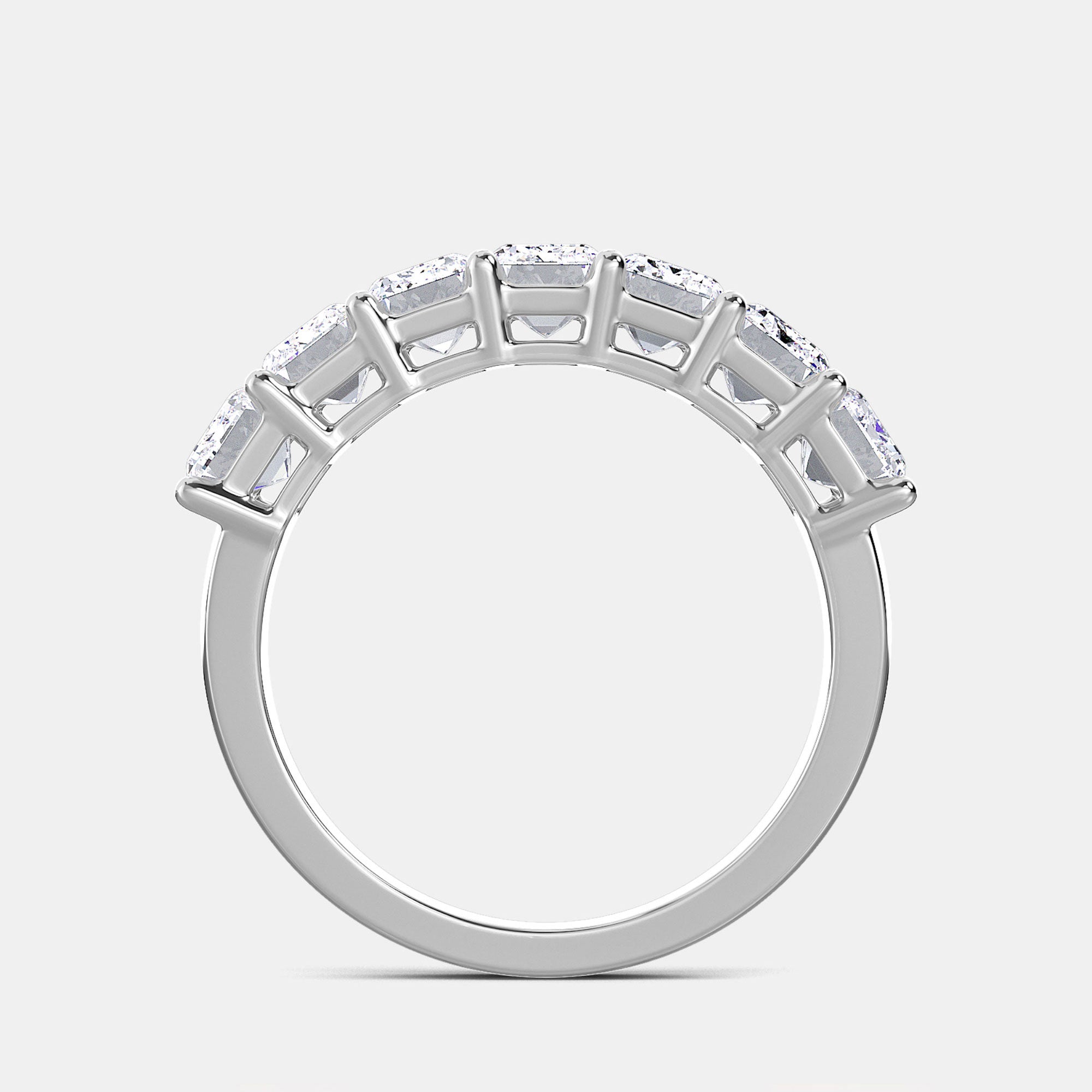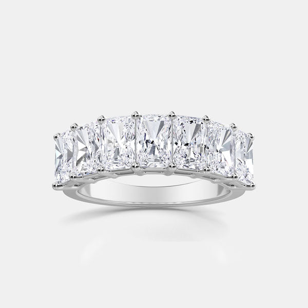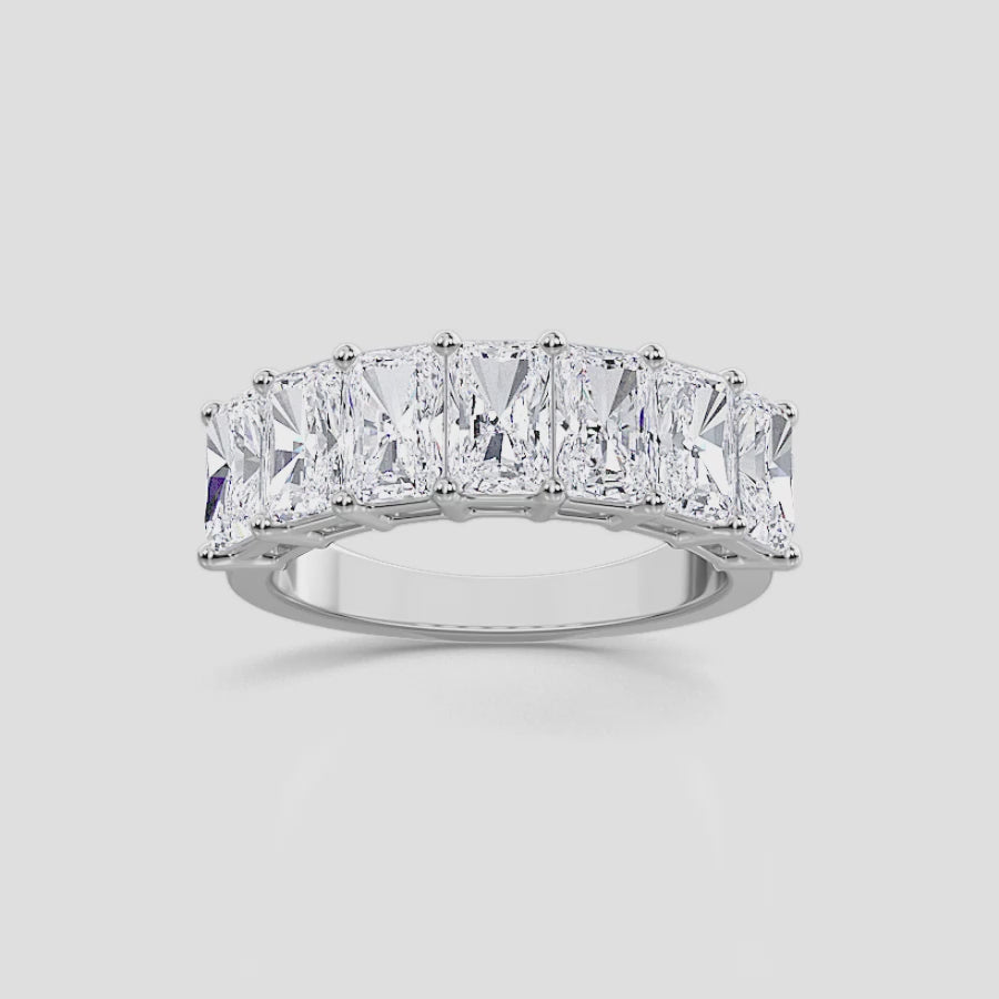 The radiant cut’s unique faceting blends the sophistication of emerald lines with the brilliance of a round, resulting in a dazzling play of light across the band. Ideal for anniversaries, milestones, or as a bold right-hand statement ring, this design celebrates luxury with modern refinement.
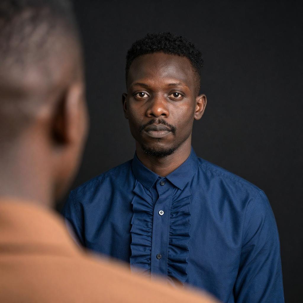 Photorealistic, sharp focus, raw photo, amateur vibe, 24-year-old Nigerian Black man, short afro, light stubble, casual musician vibe, wearing worn vintage brown leather jacket over a faded band graphic tee, selfie at dim, neon-tinged underground music venue bathroom mirror with graffiti tiles, dynamic pose, looking at viewer, face-centric composition, detailed skin pores and face texture, subtle goosebumps, natural freckles or stubble, handheld framing, taken with mobile camera, slight lens distortion, shallow depth of field, soft film grain, ambient glow, authentic imperfections, gentle vignetting, real background elements, candid atmosphere, realistic color grading, catchlights in eyes
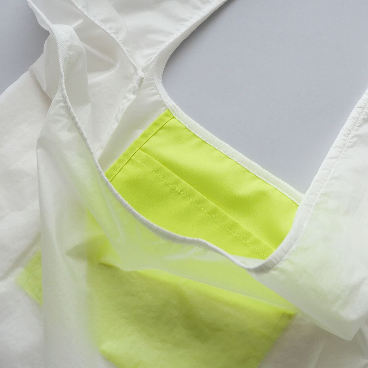 スポーツウェアなどに使用される極薄のナイロンタフタ。コーティング加工により軽い撥水性が有り、磨りガラスのような質感です。内ポケットのネオンイエローがぼんやりと透けて見える、空気のように軽く極薄素材なのに、とても丈夫なバッグです。
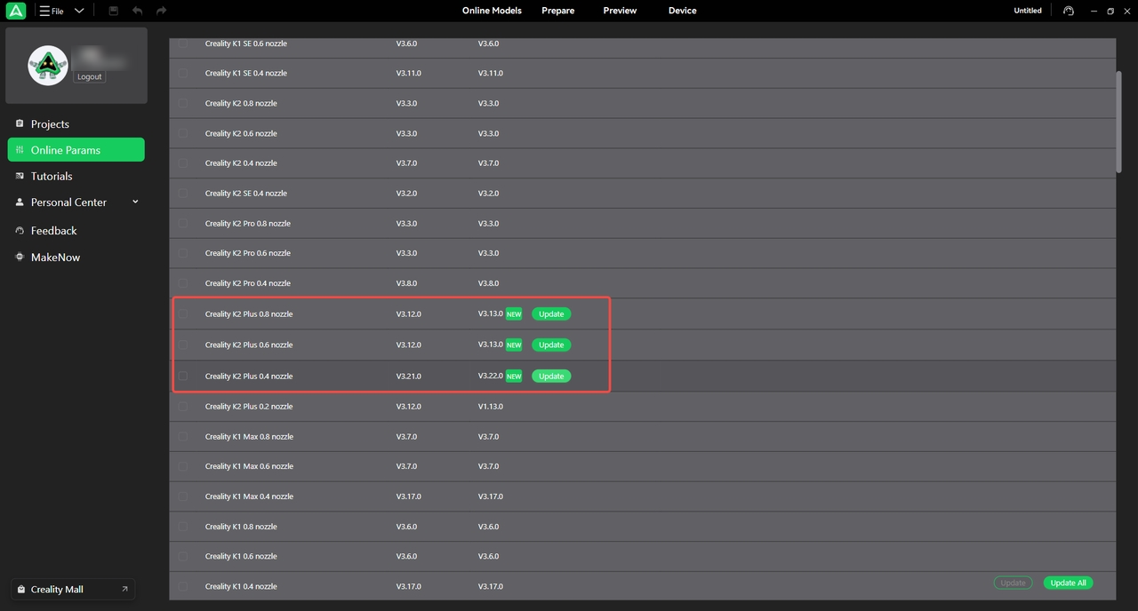 1. 云参数包:首页 => 在线资源 => 在线参数 更新到最新(此处以K2 plus为例)
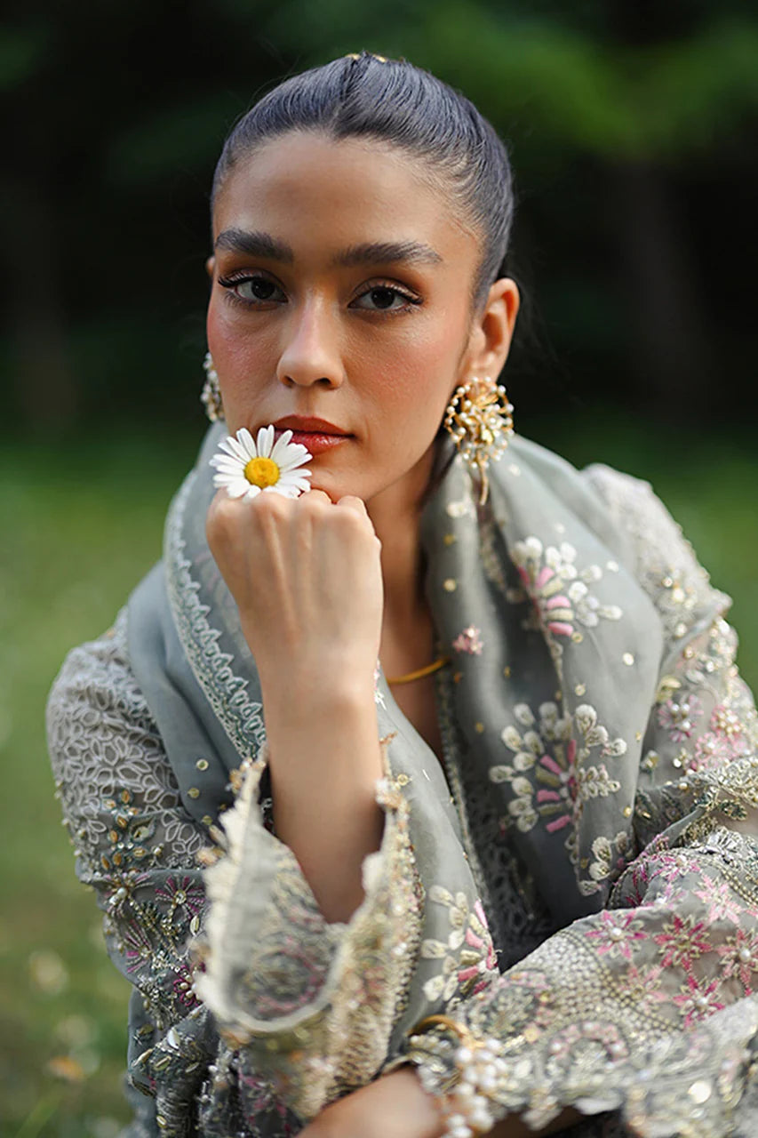 - Organza dupatta, with embroidered borders and sequins details, styled with tassels.
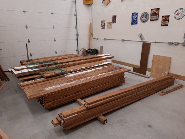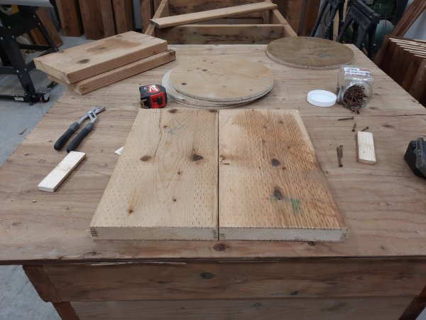 I add two 2X8 pieces of lumber to the already cut wheel. They will be cut again later on.
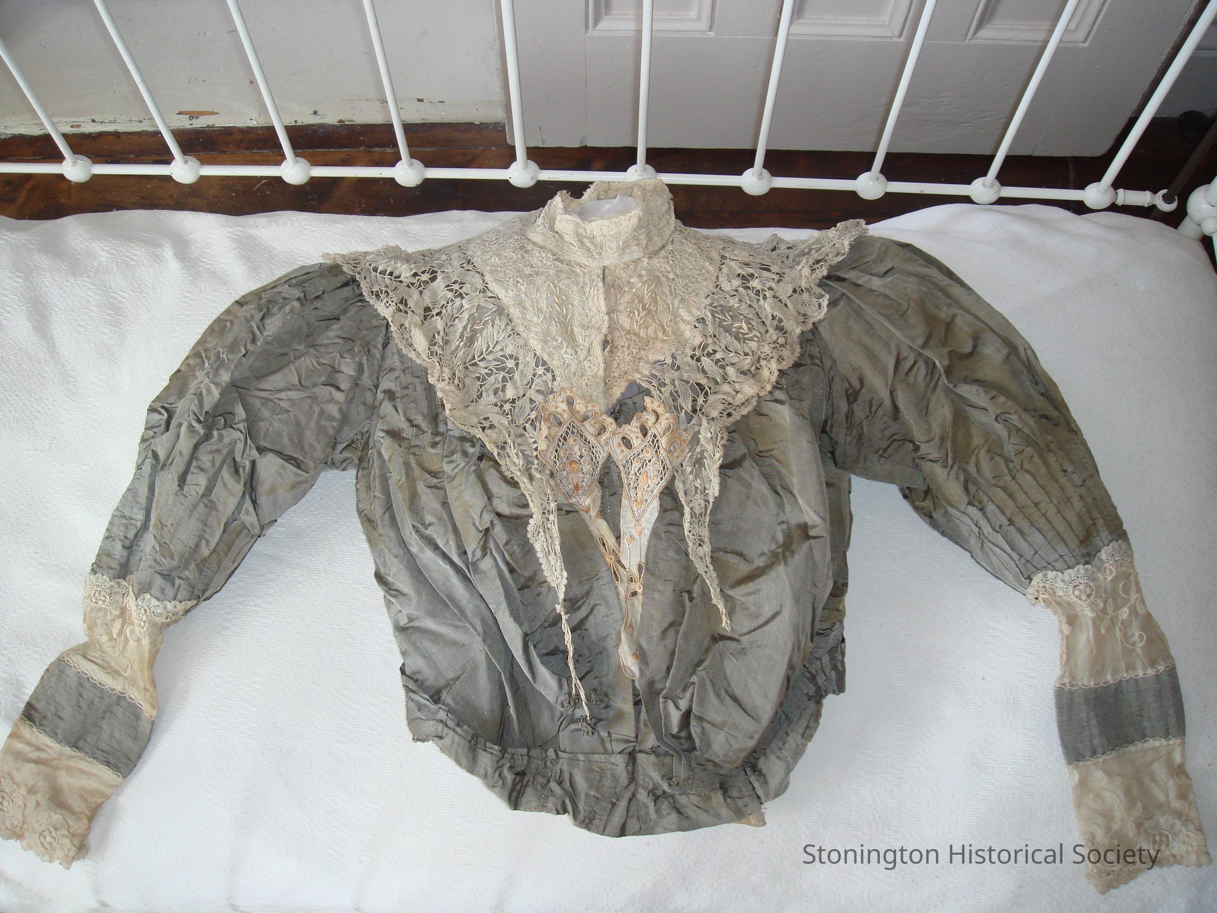 a- Bodice decorated with machine laces and embroidered medallions and hand sewn tucks

What is needed => Each line from the one with "I add two 2X8" through the final line of the records must be copied exactly, with no pictures and no additional lines.

Answer to the exercise =>
 I add two 2X8 pieces of lumber to the already cut wheel. They will be cut again later on.
 a- Bodice decorated with machine laces and embroidered medallions and hand sewn tucks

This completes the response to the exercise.